Your problem is called the Partition Problem. It is NP-hard and after some point, it will take a very long time to complete: the tree gets exponentially bigger as the number of cases to test grows.
The partition problem is well known and well documented over the internet. There exists some optimized solution
Your approach is not the naive brute-force approach, which would just walk through the list of items and put it into bag A and bag B recursively, chosing the case with the minimum difference, for example:
double recurse(double arr[], int n, double l, double r)
{
double ll, rr;
if (n == 0) return fabs(l - r);
ll = recurse(arr + 1, n - 1, l + *arr, r);
rr = recurse(arr + 1, n - 1, l, r + *arr);
if (ll > rr) return rr;
return ll;
}
(This code is very naive - it doesn't quite early on clearly non-optimal cases and it also wastes time by calculating every case twice with bags A and B swapped. it is brute force, however.)
You maximum recursion depth is the numer of items n, you call the recursive function 2^n - 1 times.
In your code, you can put the same item into a bag over and over:
for (i = 0; i < number_of_pizzas; i++) {
if (i != index) {
recursive(i, step - 1, sum);
}
}
This loop prevents you from treating the current item, but will happily treat items that have been put into the bag in earlier recursions for a second (or third) time.

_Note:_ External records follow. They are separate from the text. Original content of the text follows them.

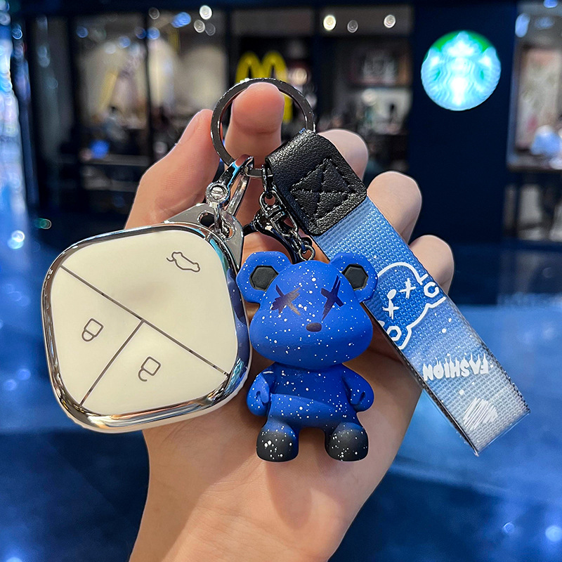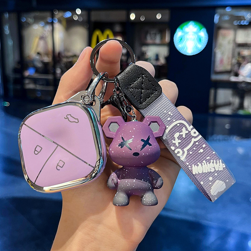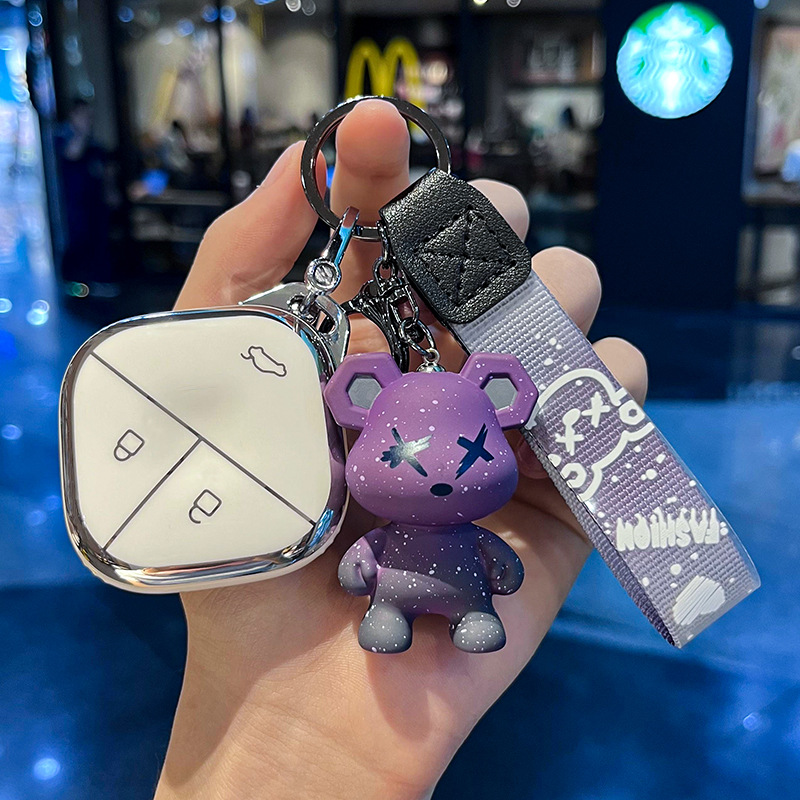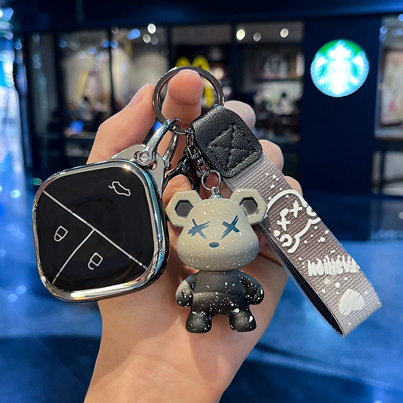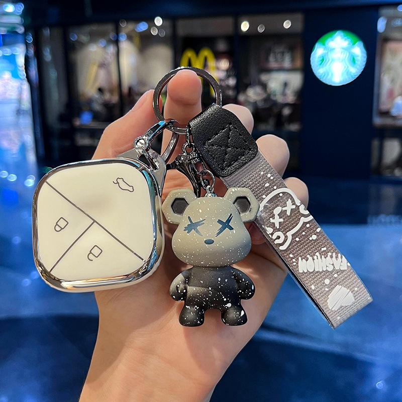 Wuling H-스마트 3 키 [싱글 쉘 화이트] + 그레이 폭력 곰 펜던트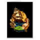 海賊船および人魚のヴィンテージの入れ墨の芸術のイメージ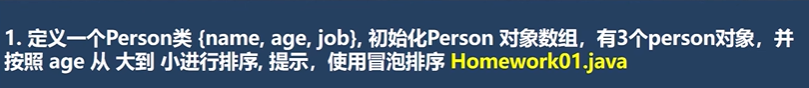package oop_Homework;public class Homework01 {public static void main(String[] args) {Person[] persons = new Person[3];//初始化Person对象数组,有三个person对象persons[0] = new Person("smith",10,"java工程师");persons[1] = new Person("tom",50,"大数据工程师");persons[2] = new Person("mary",30,"PHP工程师");//输出对象数组for (int i = 0; i < persons.length; i++) {System.out.println(persons[i]);//默认对象的。tostring(),方法已经重写 tostring 已经重写输出对象的属性}System.out.println("========冒泡排序后========");Person tmp = null;//临时变量,用于交换数据for (int i = 0; i < persons.length - 1; i++) {for (int j = 0; j < persons.length - i; j++) {//按照 age 从大到小 进行排序,如果 前面人的 age 小于后面人的年龄 就交换if (persons[i].getName().length() > persons[i + 1].getName().length()){tmp = persons[i + 1];persons[i + 1] = persons[i];persons[i] = tmp;}}}for (int i = 0; i < persons.length; i++) {System.out.println(persons[i]);//默认对象的。tostring(),方法已经重写 tostring 已经重写输出对象的属性}}

If you want to use that approach, you must keep a state of which item is in which bag.
Also, I don't understand your step. You start with step - 1 and stop recursion when step == 1. That means you are considering n - 2 items. I understand that the other items are in the other bag, but that's a weird condition that won't let you find the solution to, say, {8.0, 2.4, 2.4, 2.8}.